Pha argues on appeal that his waiver was not knowingly, voluntarily, or intelligently made because he is unfamiliar with the legal system and wished to speak more about the matter with the aid of an interpreter.  But Pha’s counsel clearly explained the basic elements of a jury trial as outlined in Ross, and Pha stated unequivocally that he wished to waive his right to a jury.  The record also reflects that Pha had an opportunity to speak to his attorney with the aid of an interpreter in the hallway outside of the courtroom and before the judge.  The waiver was made orally after Pha had the opportunity to consult with counsel, and it complies with the dictates of the state constitution and Minn. R. Crim. P. 26.01, subd. 1(2)(2).  Although the district court’s colloquy only emphasized that the judge would take the place of the jury and did not exhaustively describe the factors enunciated in Ross, the court is not required to make a “searching inquiry” as to why Pha waived his right to a jury trial.  See M.E.M., 674 N.W.2d at 213.  The attorney’s extensive discussion—aided by an interpreter—of jury-trial procedures, along with Pha’s on-the-record statements, support the conclusion that his waiver of a jury trial was made knowingly, voluntarily, and intelligently.  See Ross, 472 N.W.2d at 654 (“The nature and extent of the inquiry may vary with the circumstances of a particular case.”).

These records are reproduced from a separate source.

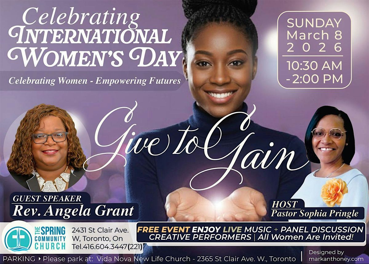 You are invited to a powerful and uplifting event celebrating International Women's Day on Sunday, March 8th @ 10:30 am. The theme for this year is "Give to Gain" – together, let’s champion gender equality through generous giving!
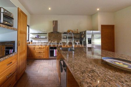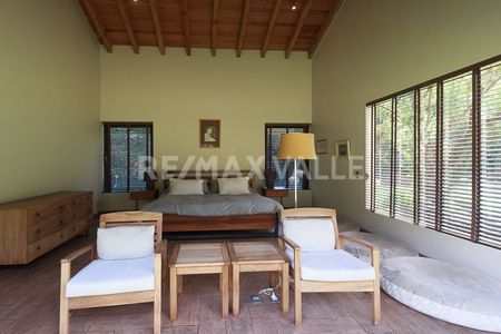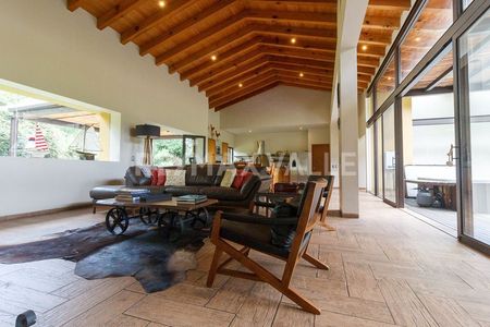 Residencia con arquitectura moderna contemporánea, completamente equipada, amplio jardín, jacuzzi, se vende amueblada. Ubicada en exclusivo Fraccionamiento "Valle Santana " en Valle de Bravo. El fraccionamiento se conforma por 46 hectáreas ,3.5 km de calles empedradas, casa club, alberca con calefacción solar, juegos para niños, 8 hectáreas de áreas comunes, seguridad las 24 horas, tres lagos con cascadas, canchas tenis, cancha de paddle, cancha multideportes, gimnasio, fibra óptica y telefonía. Excelente oportunidad de inversión.
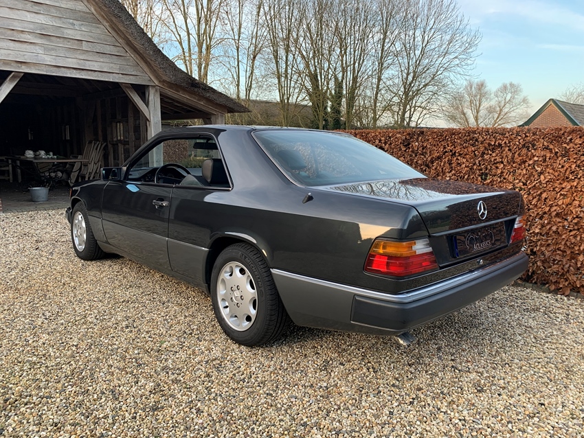 Een bijzonder fraaie Mercedes 300 CE uit een kleine privé verzameling van bouwjaar 1991. De Mercedes is perfect onderhouden en is zowel voor wat betreft carrosserie als techniek in uitstekende conditie. De W124 serie staat bekend als uiterst betrouwbaar en komst uit een periode waarin Mercedes Benz auto's bouwde alsof ze voor altijd meegingen. Met een 6 cylinder lijnmotor, een cylinderinhoud van 3000 cc en een vermogen van liefst 220PK is deze 300CE 24 klepper in staat tot dynamische prestaties. De motor is goed in balans en de schakeling gaat naadloos via de automatische transmissie. De buitenkant heeft een mooie laklaag met een kleur die perfect past bij deze auto. Aan alles is te zien dat de auto vele jaren is gekoesterd. Ondanks de leeftijd zou je kunnen zeggen dat de auto in nieuwstaat is. Het interieur, uiteraard van leder, vertoont nauwelijks sporen van gebruik. De bekleding is zo goed als nieuw wat niet alleen de kwaliteit van de gebruikte materialen weergeeft maar ook de manier van onderhoud door de vorige eigenaren. Onderhoud was altijd bij een in Mercedes gespecialiseerde garagist. Extra's die passen bij de tijd en luxe die Mercedes voorstond in die jaren zoals een groot origineel schuifdak, hoofdsteunen achter, zonwering voor de achterruit, centrale vergrendeling, warmte werend glas en een veiligheidsgordel die automatisch naar voren komt na het instappen. De APK van deze fraaie 24 klepper is geldig tot mei 2027. De auto is ruim gedocumenteerd met onder meer een origineel en compleet onderhoudsboekje. Wat deze Mercedes bovendien compleet maakt is de aanwezigheid van de originele Fahrzeugbrief, een zeldzaam detail dat de herkomst en authenticiteit bevestigd.
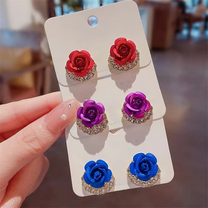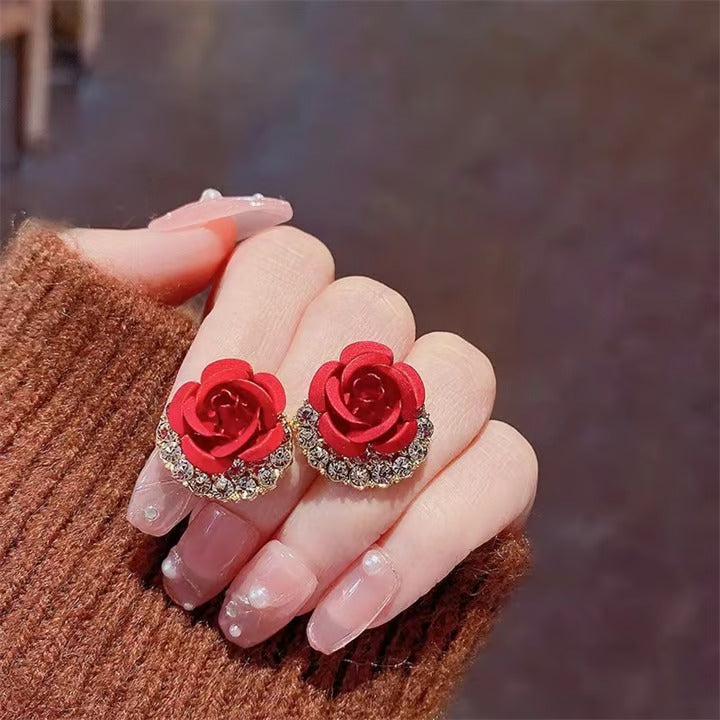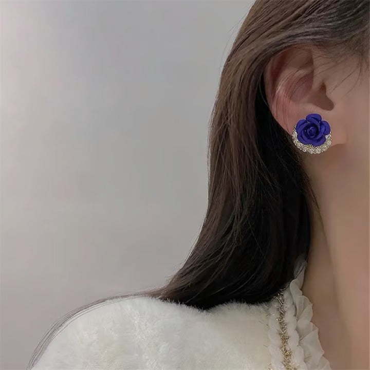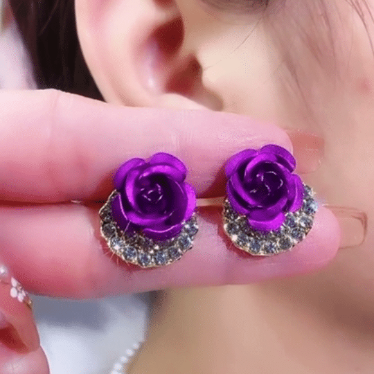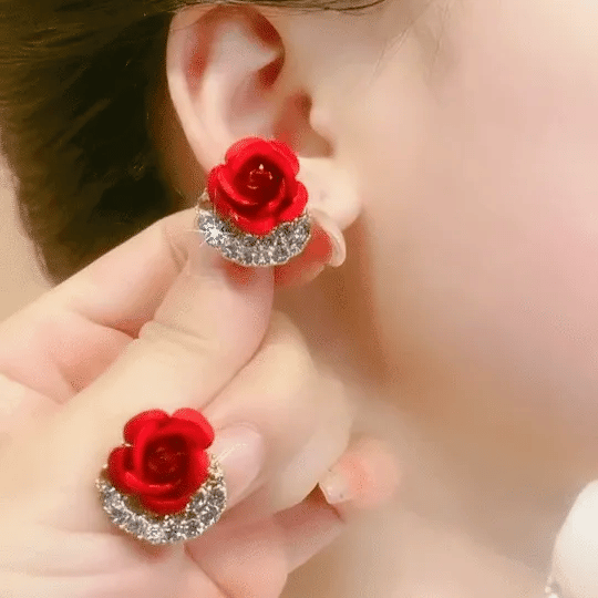 🌹Diamond Rose Earrings Floral Blooming 3D Carved
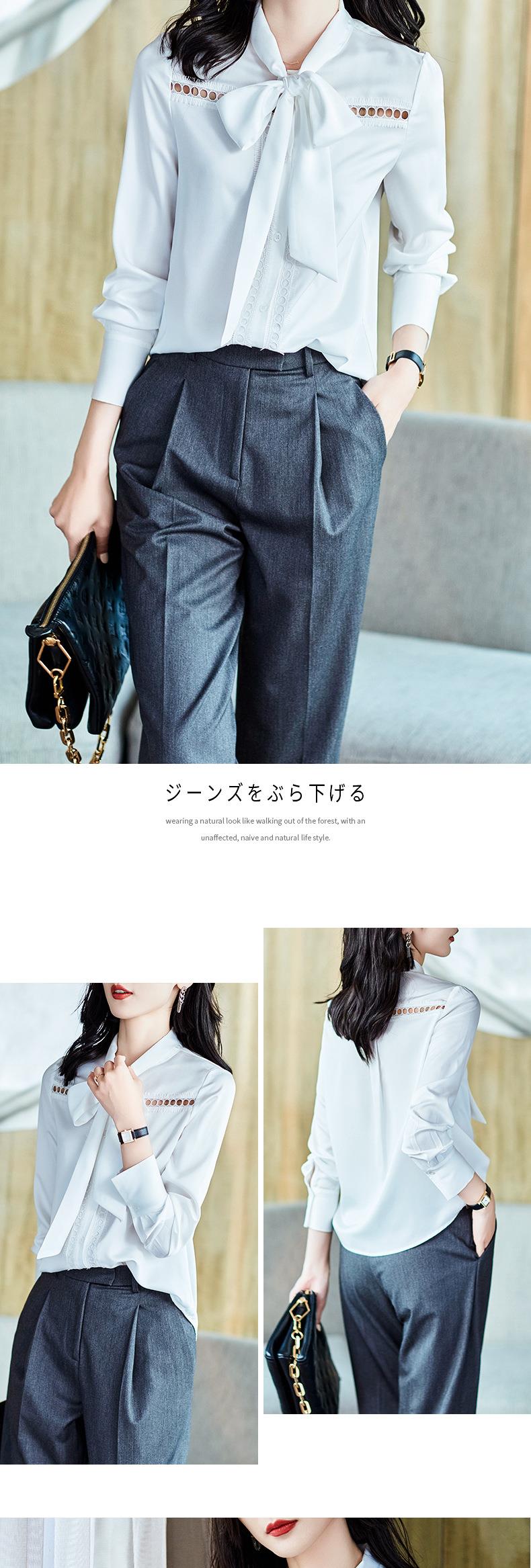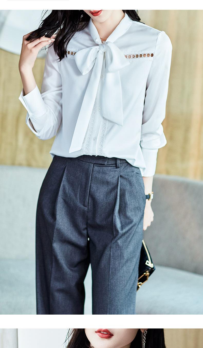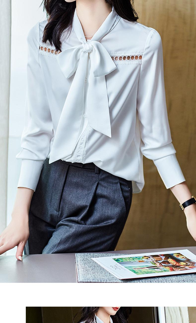 2023秋装新款衬衫女长袖宽松雪纺衫白色女士衬衣A2516
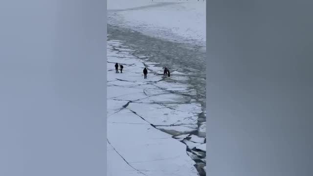 Mother slammed as she takes young son onto broken ice on river despite ban

Motion to Strike Portions of Appellant’s Appendix

After briefing was completed in this case, the state made a motion to strike two excerpts from Pha’s appendix that were not part of the record.  The first excerpt was a transcript from the pretrial hearing of the girls’ stepfather.  The second excerpt was from an interview between M.K.X. and a social worker.  Pha argues that the excerpts should be considered in our discretion because they relate to the girls’ discredited allegations against their stepfather and provide a complete appellate record.  We disagree.

“The record on appeal shall consist of the papers filed in the trial court, the offered exhibits, and the transcript of the proceedings, if any.”  Minn. R. Crim. P. 28.02, subd. 8.  Here, neither the pretrial transcript nor the interview was part of the district court record.  We grant the state’s motion to strike and do not consider those portions of Pha’s appendix.

Because the evidence was sufficient to support Pha’s conviction, he was not denied effective assistance of counsel, and he voluntarily waived his right to a jury trial, we affirm.

Affirmed; motion granted.         

[1] Pha also argues that the police lacked probable cause to arrest.  The district court suppressed Pha’s pretrial statement to police on the ground that the interrogative setting was unduly coercive.  Pha provides no authority for his argument that the evidence underlying his conviction was insufficient because of the suppression of his pretrial statement, and we find it to be without merit.

[2] We observe that the preferred method for raising an ineffective-assistance-of-counsel argument is through a petition for postconviction relief.  See Minn. R. Crim. P. 28.02, subd. 4(4) (“If, after filing a notice of appeal, a defendant determines that a petition for postconviction relief is appropriate, the defendant may file a motion to stay the appeal for postconviction proceedings.”).  A postconviction procedure would develop a factual record before the district court regarding the ineffective-assistance-of-counsel claim that may be effectively reviewed on direct appeal.  Cf. Kucera v. Kucera, 275 Minn. 252, 254, 146 N.W.2d 181, 183 (1966) (stating that it is not within the province of appellate courts to determine facts on appeal).